In a proceeding pursuant to CELR article 75 to permanently stay arbitration, the petitioner appeals, as limited by its brief, from so much of an order of the Supreme Court, Westchester County (Colabella, J.), entered November 13, 2007, as dismissed the petition.
Ordered that the order is affirmed insofar as appealed from, with costs.
The arbitration provision of the parties’ collective bargaining agreement (hereinafter the CBA) is broad, as it provides for arbitration of disputes “concerning the meaning, application or interpretation of this Agreement, which remains unresolved after presentation to, and processing through the grievance procedure.” Further, the CBA provides that a grievance may be pursued for “any question or problem that may arise.” Here, there is a reasonable relationship between the subject matter of the disputes, which involves the respondent’s grievances over the petitioner’s directives that the respondent’s union members work and train in a fire-damaged firehouse before the firehouse was fully repaired, and the general subject matter of the CBA (see Matter of Board of Educ. of Watertown City School Dist. [Watertown Educ. Assn.], 93 NY2d 132, 143 [1999]). Moreover, the arbitration clause in the CBA does not specifically exclude from arbitration the subject matter of the grievances, which concern public health and the safety of public employees (see Matter of Silverman [Benmor Coats], 61 NY2d 299, 308 [1984]). Accordingly, the question of the scope of the substantive provisions of the CBA is a matter of contract interpretation and application reserved for the arbitrator (see Matter of Board of Educ. of Watertown City School Dist. [Watertown Educ. Assn.], 93 NY2d at 143; Board of Educ. of Lakeland Cent. School Dist. of Shrub Oak v Barni, 49 NY2d 311, 314 [1980]; Matter of New York City Tr. Auth. v Amalgamated Tr. Union of Am., AFL-CIO, Local 1056, 284 AD2d 466 [2001]; Matter of Greenburgh Eleven *732Union Free School Dist. v Greenburgh No. 11 Fedn. of Teachers, Local 1532 AFT, AFL-CIO, 266 AD2d 213 [1999]).
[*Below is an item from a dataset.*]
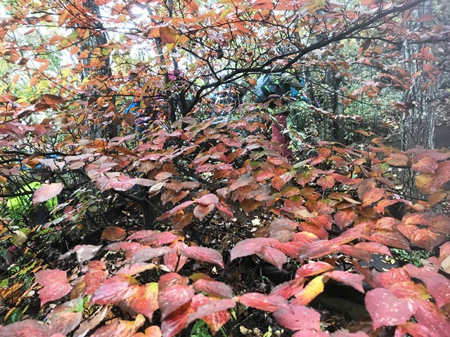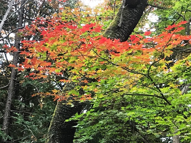雨上がりの登山道は、予想以上に足場が悪く大変でしたが、ケガもなく全員無事に約6時間30分の全工程を終了することが出来ました。富士山は望めませんでしたが、紅葉を満喫でき、また何より、山のスペシャリストのガイドさんと一緒に山歩きが出来たこと、とても貴重な体験が出来ました。
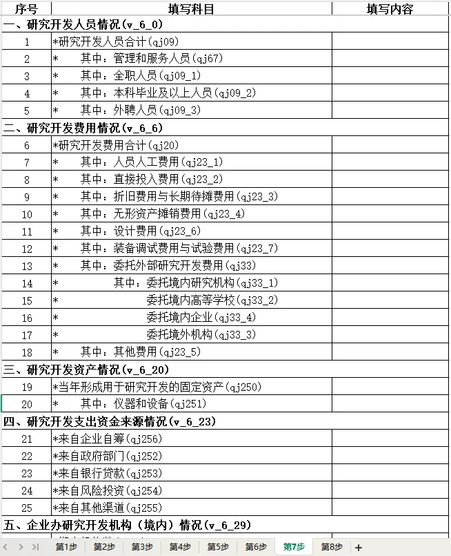这份Excel模板最大的优势,就是“完全还原系统、按照系统框架”,精准匹配火炬统计年报系统的8个填报步骤,从第一步企业概况、到第八步审核提交,每一步的填报模块、指标名称、数据口径,都和系统完全一致,没有任何偏差,大家不用再反复对照系统核对指标,节省大量时间。

There is no merit to the petitioner’s contention that the trial court could address the issue of whether the respondent failed to comply with a condition precedent before demanding arbitration. In general, disputes over the parties’ adherence to the grievance procedure set forth in the parties’ CBA is for the arbitrator to determine, not for the courts (see Matter of Diamond Waterproofing Sys., Inc. v 55 Liberty Owners Corp., 4 NY3d 247, 252 [2005]). Under the circumstances, the petitioner’s contention that grievances must be pursued only by individual employees, rather than by the respondent, especially in light of the respondent’s contention that the petitioner has a past practice of hearing grievances pursued solely by the respondent, is a matter for the arbitrator to resolve.
The parties’ remaining contentions are without merit. Mastro, J.E, Angiolillo, Garni and Eng, JJ., concur.